他囚禁了沈杳,把他緊箍在這間公寓裏,完全斷掉了沈杳和外界之間的聯系。

關殊采取這種極端手段,他想讓沈杳只能看見他,他想讓沈杳忘掉那個奸 夫,他想要沈杳求着他和他複合。

應該是他掌控沈杳,可每天煩躁不安地卻變成了他。

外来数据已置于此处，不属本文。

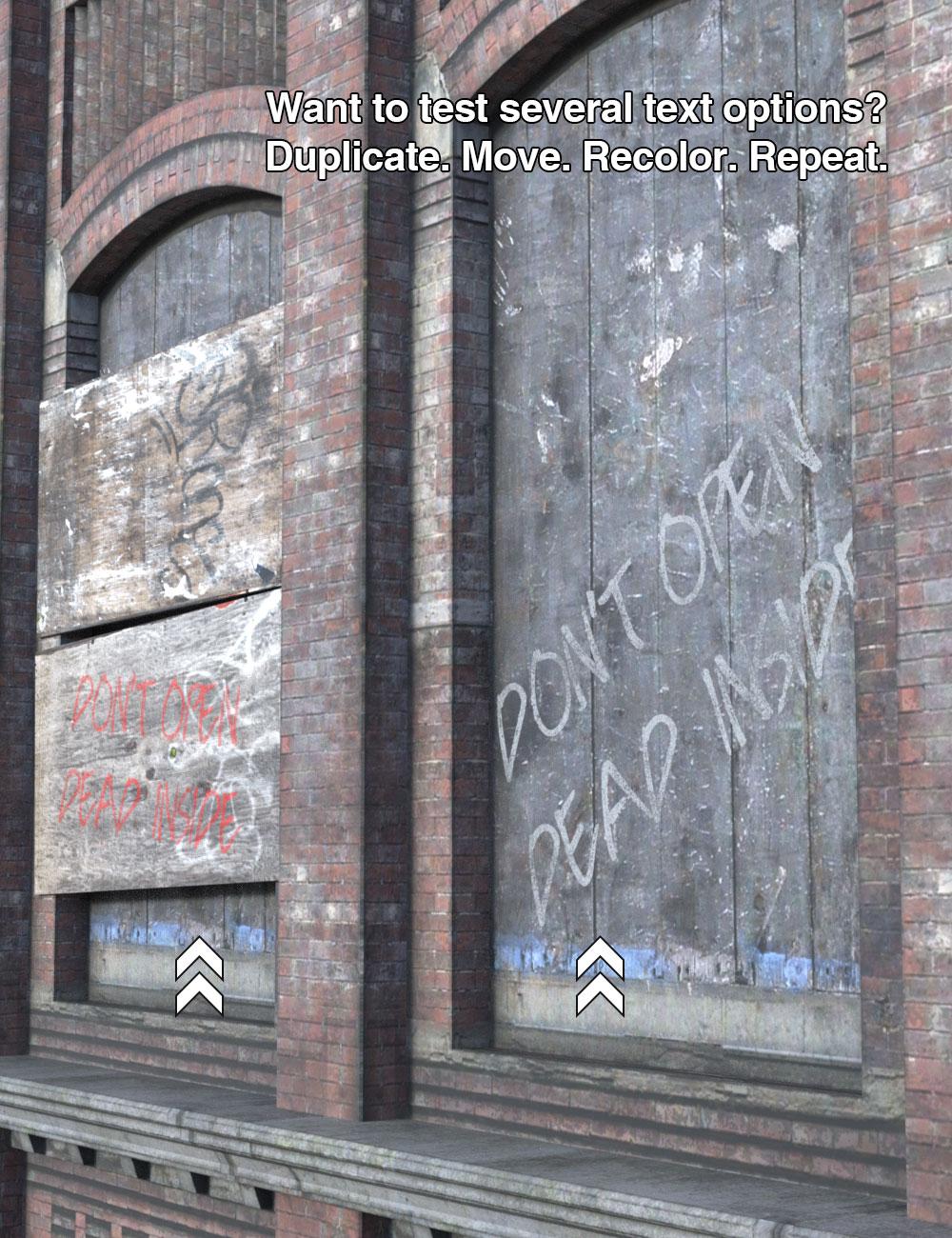 Add house numbers, street names, locker or mailbox labels, “No Trespassing” signs, hotel door plaques, warehouse markers, zone IDs, public signage, sci-fi caution labels — or go large-scale with full billboards, dystopian alerts, or sprawling industrial ads.

因為沈杳不跟他說話,一句話都不說。

沈杳的身上每天都纏着他的信息素,腺體上帶着他的信息素,站在他的身邊。

他只是一臉冷淡地看着他,像是沈杳一臉清醒地看着他沉淪。關殊掐着他的脖子逼迫着他說話的時候,沈杳也從來不說一句話。

唯獨只有他們做的時候,沈杳的表情才會有變化,他崩潰時才會從喉間發出求饒的聲響。

他和沈杳做,只是想看着沈杳歡愉,又看着沈杳痛苦,想看他有所反應。

他把沈杳關在公寓裏一個月之後,沈杳從房間裏出來,聽到他和路庭鑫打完的電話。

沈杳第一次主動和關殊說話。一個月沒曬太陽,沈杳原本就白的皮膚現在白得近乎半透明,像是随時都會消失。

他靠在門前,脖子上滿是吻痕,語氣依舊溫柔多情得像是在跟愛人說話:“關殊,這是我最後陪你的一段時間。”

沈杳多聰明啊,他早就想到關殊的父親會管束關殊的行為,所以從來不吵不鬧。他冷眼旁觀着關殊起起伏伏的情緒波動,強烈多彩得像是場最激烈的電影。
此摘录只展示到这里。